Analisis biaya pelayanan gizi keluarga miskin di Kabupaten Indragiri Hulu Propinsi Riau
JULINARTI, Elis, Prof.dr. Hamam Hadi, MS,Sc.D
2005 | Tesis | S2 Ilmu Kesehatan MasyarakatLatar Belakang : Pembiayaan untuk kesehatan baik dari sektor pemerintah dan non pemerintah pada tahun 2000 sebesar Rp.1470/kapita/tahun, demikian juga pembiayaan gizi pada tahun 2003 sebesar Rp 200/kapita/tahun. Pembiayaan pelayanan gizi di Kabupaten Indragiri Hulu pada tahun 2003 mendapat kontribusi sebesar 0,55% dari APBD Dinas Kesehatan dan 16,2% dari proyek program perbaikan gizi masyarakat. Tujuan : Penelitian ini bertujuan untuk mengetahui realisai biaya dan biaya seharusnya pelayanan gizi keluarga miskin serta mengetahui pendapat tentang peran pemerintah daerah, DPRD,dan sektor swastadalam pembiayaan gizi keluarga. Metode : Jenis penelitian ini adalah penelitian deskriptif kualitatif yang menganalisis realisasi biaya dan biaya seharusnya pelayanan gizi keluarga miskin dengan menggunakan metode real cost . Sedangkan pendapat tentang peran pemerintah daerah, DPRD, dan sektor swasta dengan metode wawancara mendalam ( in depth interview ). Hasil : Hasil yang diperoleh realisasi biaya pelayana gizi keluraga miskin sebesar Rp.12.053.000,- tahun 2003 dan 8.763.000,-untuk tahun 2004.Biaya seharusnya Rp 79.022.541,- mewakili puskesmas desa dan 144.073.000,- mewakili puskesmas kota. Kesimpulan: Berdasarkan hasil analisis realisasi pelayanan gizi keluarga miskin di Kabupaten Indragiri Hulu rata-rata per orang per tahun sebesar Rp.645,- pada tahun 2003 dan Rp.470,- pada tahun 2004. Biaya seharusnya per orang per tahun rata-rata sebesar Rp.14.290,-
Background : Health cost both in government and non government sectors were allocated Rp. 1470/capita/year in the year 2000. Cost for nutrition programe in the year 2003 was Rp 200/capita/year, while in Indragiri Hulu, cost for nutrition service was allocated 0.55% of regional budget of Health Department and 16.2% of community nutrition improvement programme.
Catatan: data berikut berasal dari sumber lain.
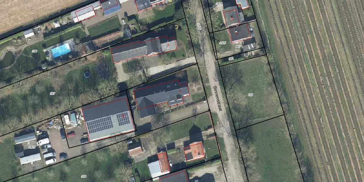 Het perceel waarop Binnenstraat 23 staat heeft een oppervlakte van 3130 m². Dit is een zeer groot perceel. De perceeloppervlakte wordt geregistreerd door het Kadaster. Gedetailleerde informatie over de maten van dit perceel kunt u vinden in het rapport Kadastrale kaart met maatvoering van Binnenstraat 23.
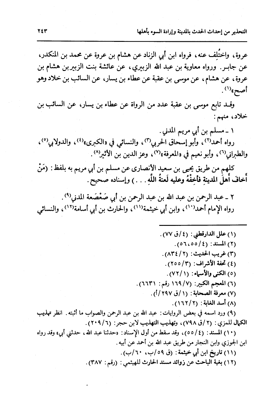 2 - عبد الرحمن بن عبد الله بن عبدالرحمن بن أبي صعصعة المدني (9).
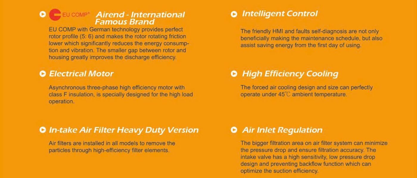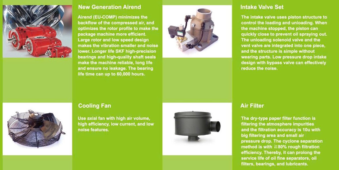 – Sử dụng đầu nén trục vít Eucom thương hiệu số 1 tại Đức, Trục vít có kích thước lớn chạy tốc độ thấp vẫn tạo ra lưu lượng khí lớn (vòng bi trở nên bền bỉ khi chạy tốc độ thấp). Sử dụng vòng bi SKF có thời gian sử dụng tới 60.000h máy chạy
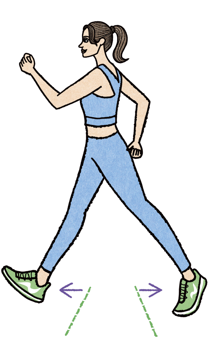 前足は必ずかかとから着地。足幅は、普段より3~5㎝広く取って。
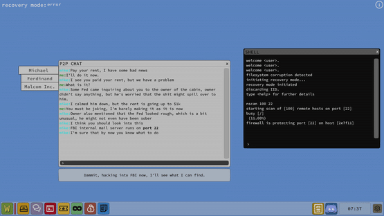 A narrative driven hacking game that takes you on a journey around murky hacking circles. You will be using the console and graphical tools to hack systems in order to profit and advance the storyline.
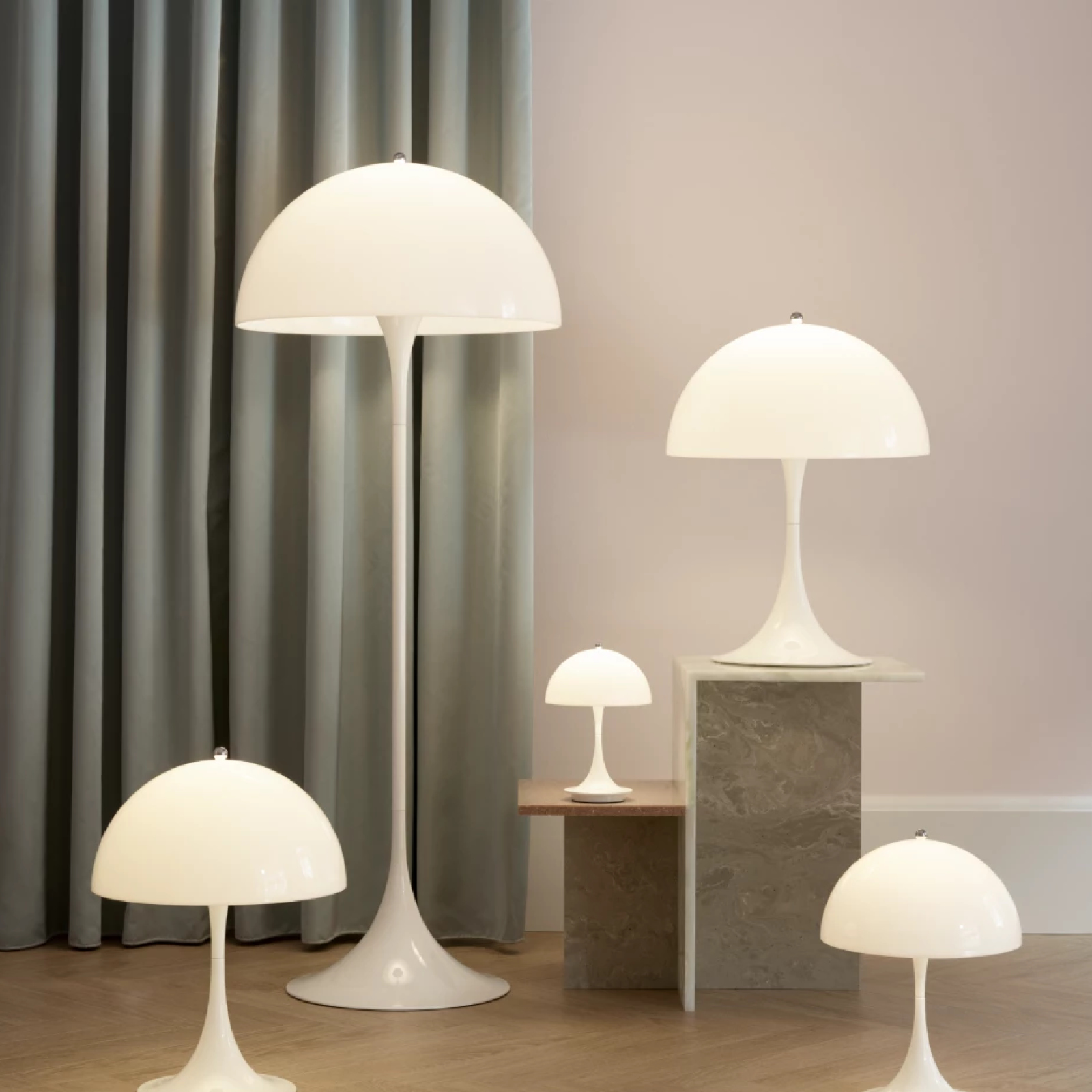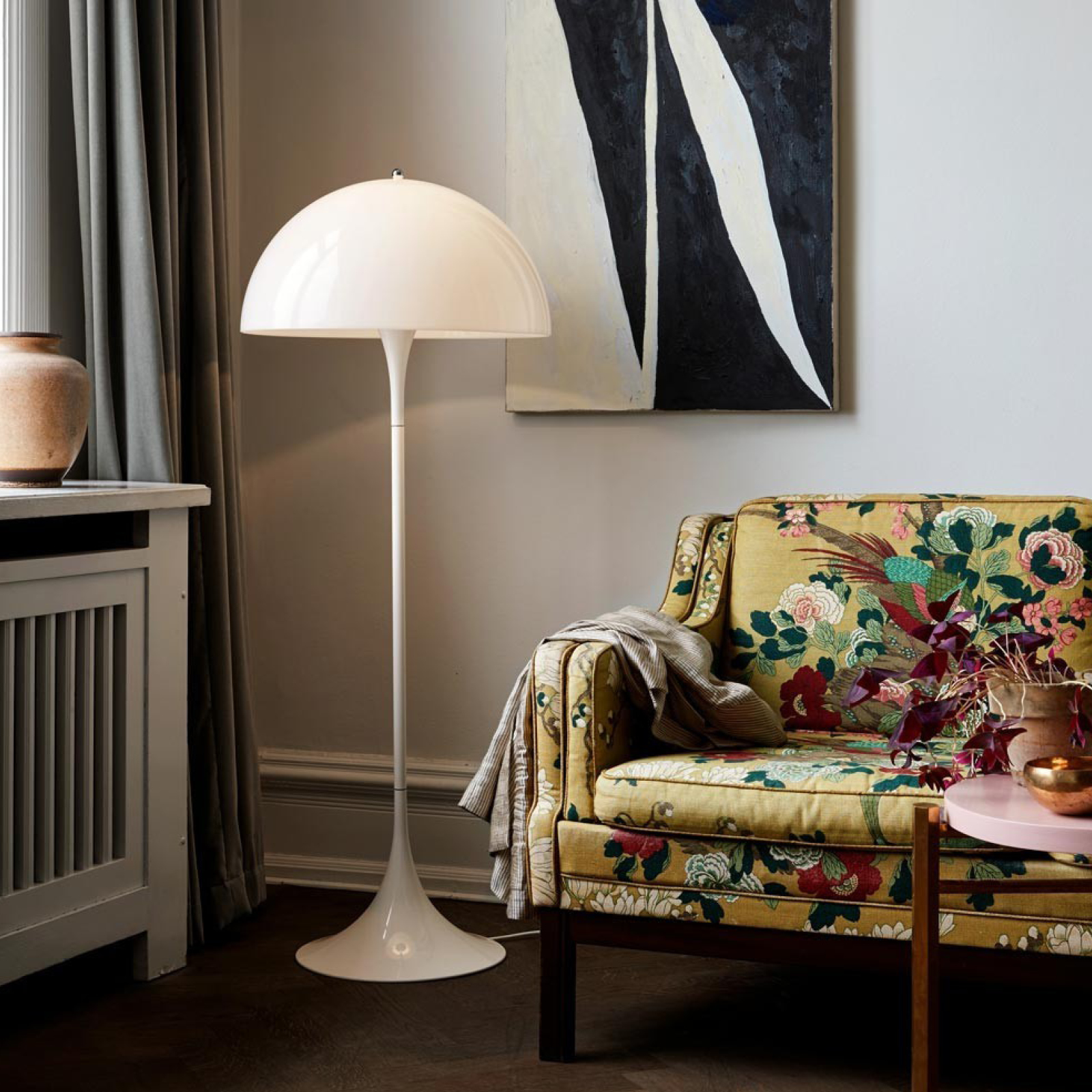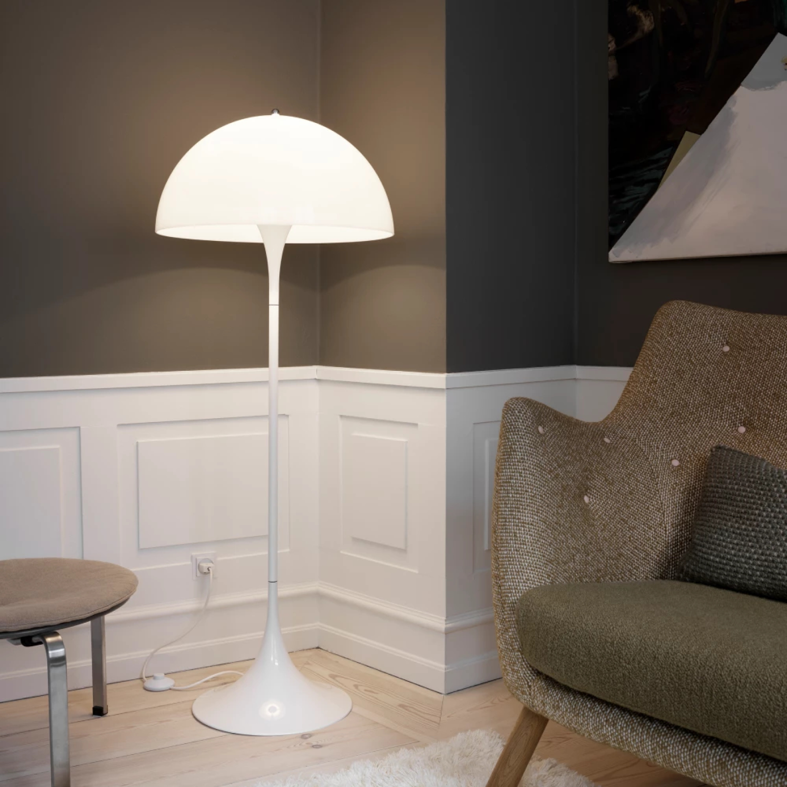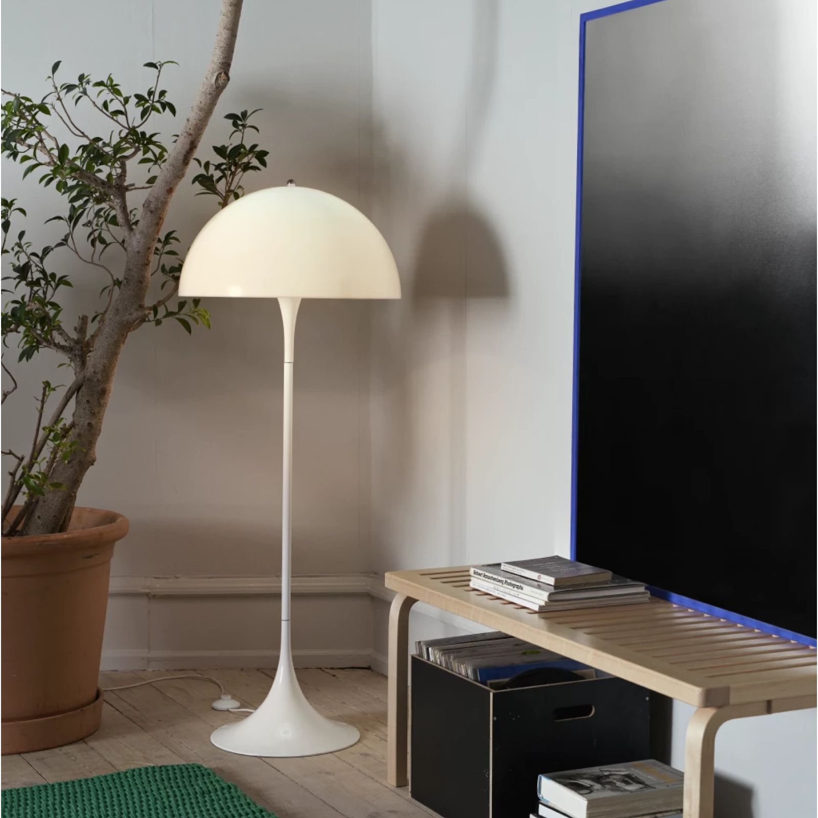 Lámpara de Pie. Es uno de los diseños más emblemáticos de su diseñador, Verner Panton. Su diseño quería que la luz fuera reflajada tanto por la pantalla como por el pie. Creando así una luz ambiental muy suave y difusa.
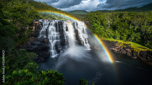 Fototapeta premium stunning waterfall cascading into serene pool, with vibrant rainbow arching...
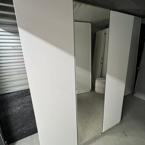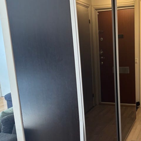 Säljer en rymlig garderob med skjutdörrar, varav ena dörren är spegel. Perfekt för förvaring av kläder och ger samtidigt en bra helkroppsspegel.
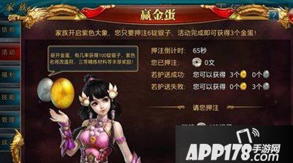 大象任务成功结束时(例如开启的是紫色大象,会退还每位成员在最初押注的银子及3枚金蛋),如若失败,金蛋则就会变成银蛋了哦,奖励也会大打折扣。所以家族成员在拉大象活动中都要积极参加守护家族大象哦!
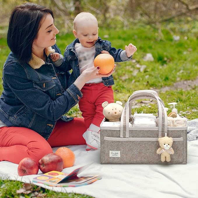 PeraBella Diaper Caddy Organizer with Handle, Baby Shower Gifts Basket Bag, Registry Search Must Haves Items, Nursery Storage Organizer for Newborn Girl Boy, Baby Bag Essentials, Car Diaper Caddy Cart
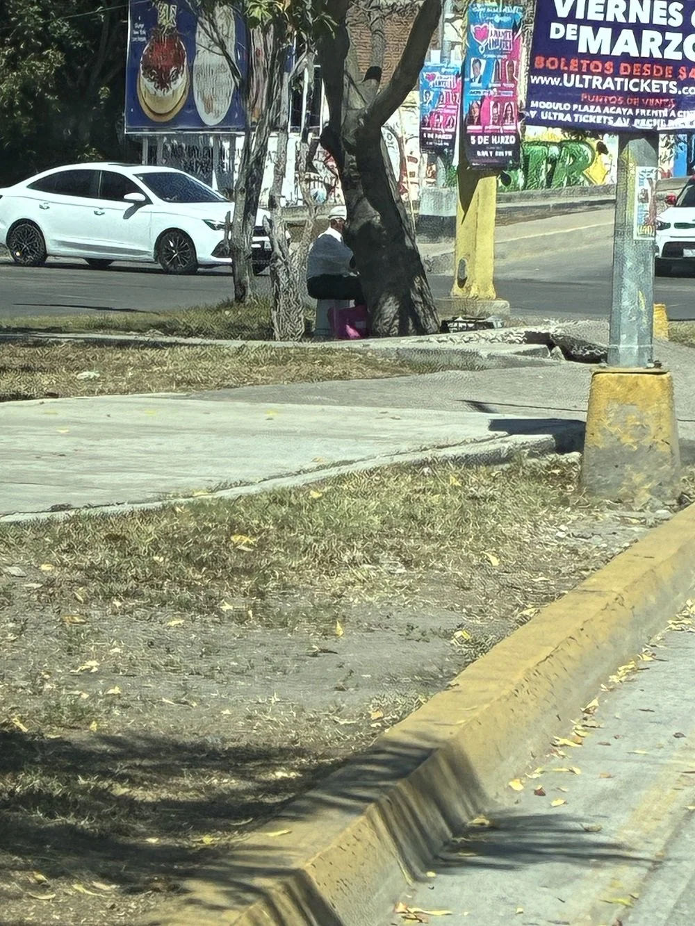 Justo más adelante, está el crucero de la Juan Pablo con Rigodanza, un punto de intenso tráfico vehicular; ahí de siempre eran los dominios de Don Neto, un señor en silla de ruedas que lentamente se lo está devorando la diabetes, se pone a las 8 de la mañana y se va a la hora de la comida; obligado darle una moneda al paso y así satisfacer nuestro sentido de piedad cristiana; pero ahora resulta que esa codiciada esquina ha entrado en conflicto, la invadió un extraño, un señor corcavado armado de un pavoroso palo-bastón, un costal y un bote alcancía, es competencia desleal ya que el se desplaza con agilidad haciendo sonar el botecito.
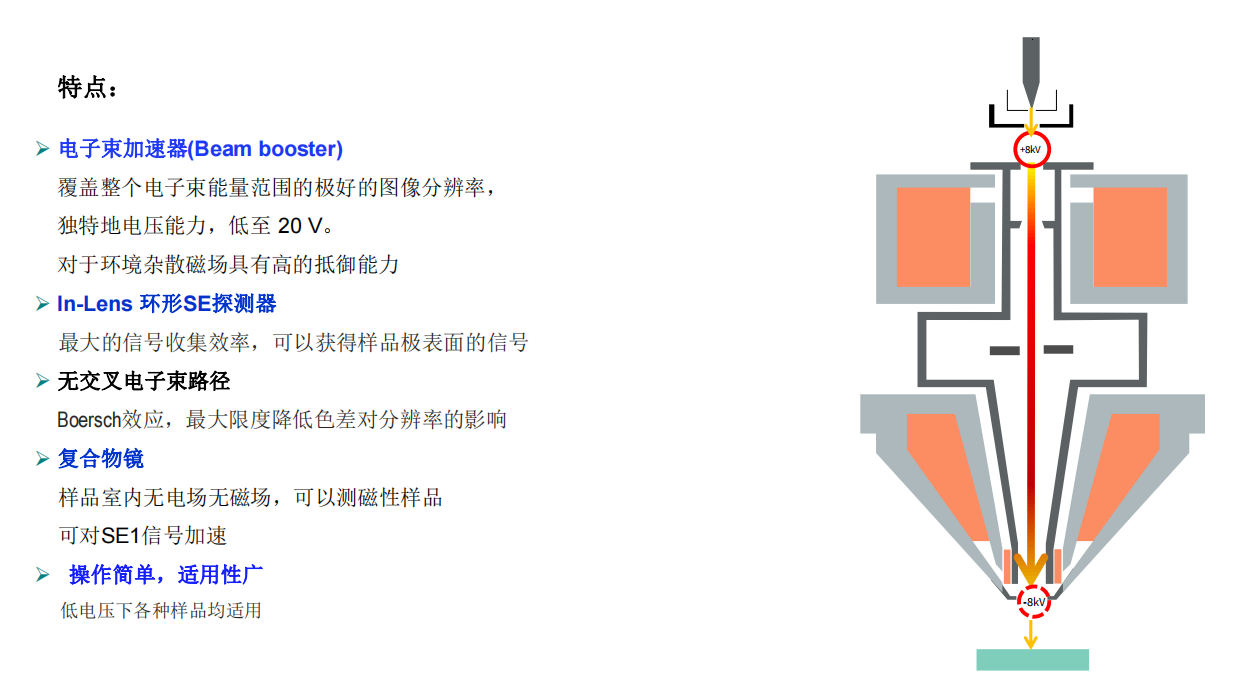 高分辨率:0.9nm (@15kV),1.7nm(@1kV)
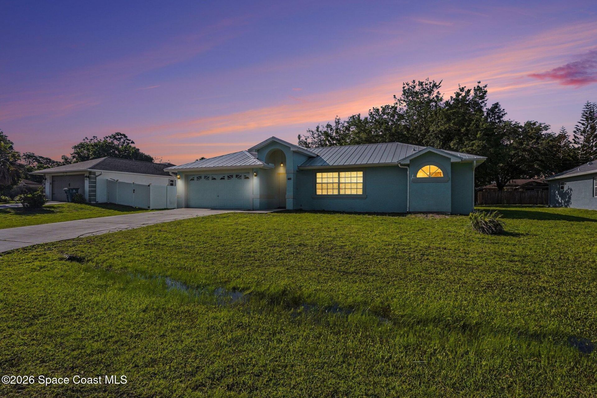 Welcome to this move-in ready 3-bedroom, 2-bath home in SE Palm Bay offering comfort, space, and low-maintenance living. The functional layout includes a formal living room, dining room, and separate family room, ideal foreveryday living and entertaining. Vinyl flooring throughout (no carpet), a durable metal roof, and gutters in front. The kitchen offers stainless steel appliances and opens to the main living areas for easy flow. The primary suite includes aspacious walk-in closet, double sinks, and a walk-in shower. Enjoy a screened-in porch overlooking a large backyard, perfect for relaxing or gatherings. Located on city water and close to shopping, dining, and major roadways, thishome offers convenience, value, and easy living. Whether youre starting fresh or simply looking for a place that feels like home -- this one is ready for you.
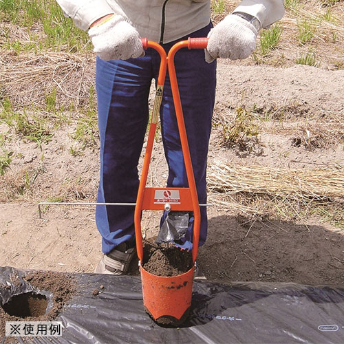 立ったまま、マルチの上から差込み、回して引上げると、マルチ穴・植穴・施肥穴があけられます。ポット苗をホーラーに納め、マルチの上から直接穴を開けながら差し込み定植できます。ハンドルは腕に負担がかかりにくい設計で、植え付け間隔を測る株間測り(最大45cm)も付いています。(日本製)
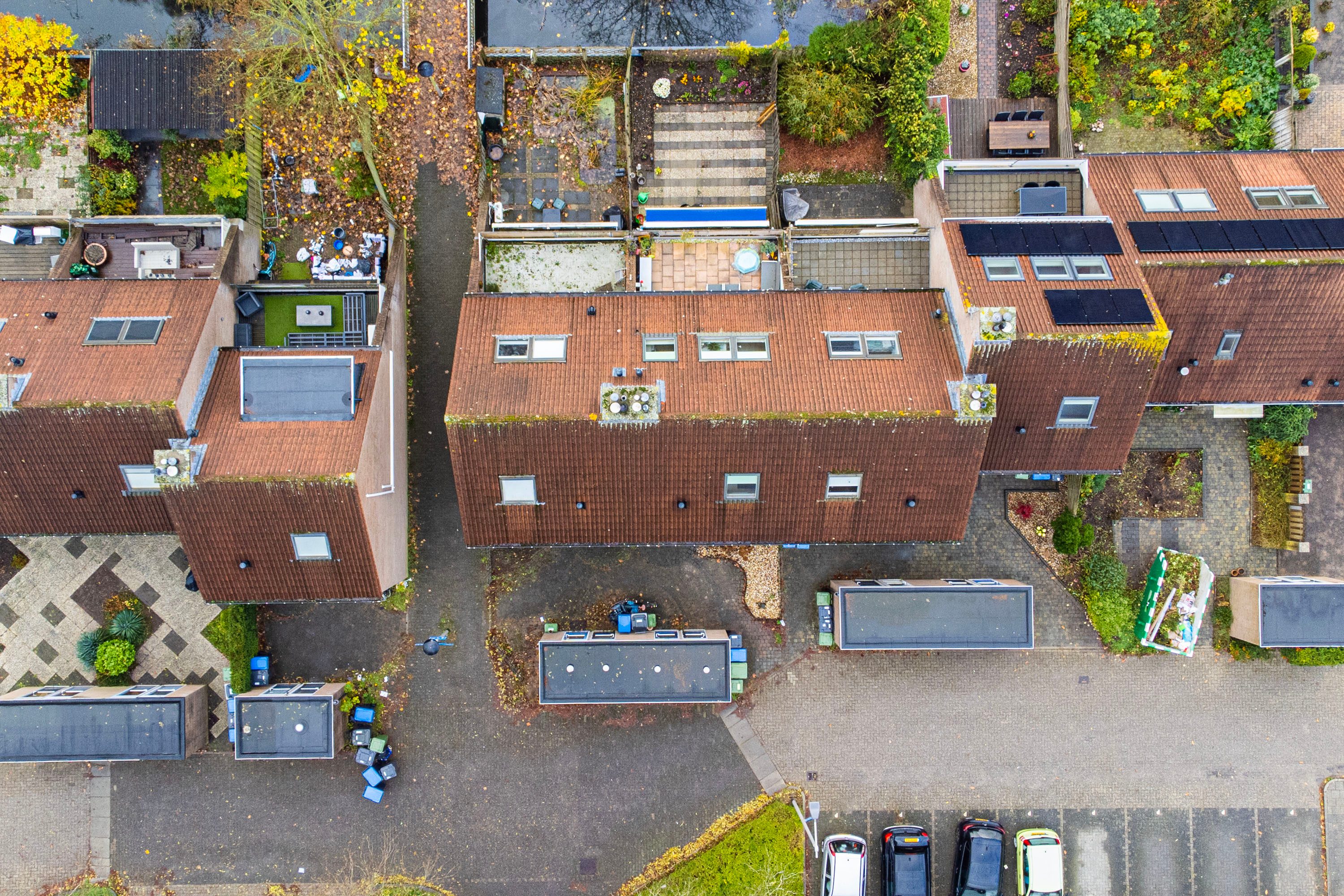 De op het zuidwesten gelegen tuin biedt voldoende ruimte voor het creëren van een comfortabele loungehoek, ook bevindt zich hier een handige houten berging. In de compacte voortuin bevindt zich een stenen berging ideaal voor het opbergen van extra spullen.
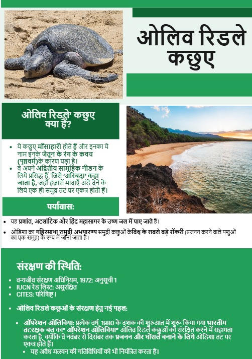 - संरक्षण उपाय: भारतीय तटरक्षक बल द्वारा संचालित 'ऑपरेशन ओलिविया’ के तहत मत्स्य ग्रहण पर प्रतिबंध लागू किया गया है। ओडिशा में टर्टल एक्सक्लूडर डिवाइसेस (TED) अनिवार्य हैं। टैगिंग कार्यक्रम प्रवास पर नज़र रखने में सहायक होते हैं।

Objective : The study was proposed to estimate the real cost and demand cost of nutrition service for poor familiy and to know the opinion of regional government, regional parliament and private sectors role within familiy nutrition cost. Study Design : This was study qualitative descriptive study. The study was conducted to analyze real cost and demand cost of nutrition service for poor family using real cost method and to get opinion about regional government, regional parliament, and private sectors role using in depth interview method. Results : Cost of nutrition service for poor family averaged Rp. 12.053.000,- in the year 2003 and Rp. 8.763.000,- in the year 2004. Whereas the demand cost was Rp 79.022.541,- which represented rural primary health care and Rp. 144.073.000,- which represented urban primary healht care. Conclusion : Cost of nutrition service for poor family in Indragiri Hulu averaged Rp 645/capita/year in the year 2003 and Rp 470,- in the year 2004 while the demand cost was Rp. 14.290.
Kata Kunci : Gizi Masyarakat,Layanan Gizi,Keluarga Miskin, cost analysis, unit cost, nutrition service, poor family.